Oceans turn acidic

Because of more carbon dioxide emissions, warns new study

Published: Sunday 31 July 2005

At risk: coral reefs and shell increasing levels of atmospheric carbon dioxide are turning the oceans acidic, warns the Royal Society, Britain's leading scientific organisation. The growing acidity is very likely to harm coral reefs and other marine life by the end of the century, the society said in a report prepared by a panel of scientists.

The phenomenon will affect all organisms that have skeletons or shells made of calcium carbonate, says the panel's chairperson, John Raven of the University of Dundee in Scotland.

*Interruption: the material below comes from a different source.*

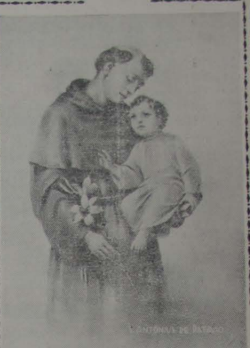
Em louvor a Santo Antônio de Jacutinga, hoje, em Nova Iguassú, realizam-se imponentes festividades, entre as quais devem sobressair a missa soene das 10 horas...

More than 25 billion tonnes of carbon dioxide are released annually from the burning of fossil fuels (by cars and power plants). Almost a third of the carbon dioxide emitted is absorbed by the oceans, where the gas produces the harmful carbonic acid. The increased acidity could also reduce populations of plankton with calcium carbonate shells, disrupting the food chain and hurting some fisheries, the scientists said.

However, Sherwood B Idso of the us -based Center for the Study of Carbon Dioxide and Global Change -- an organisation skeptical that carbon dioxide will cause damaging climate change -- said he accepted the gas was turning oceans more acidic. But he claimed studies showed corals are more successful now in building their calcium carbonate structures than in the past.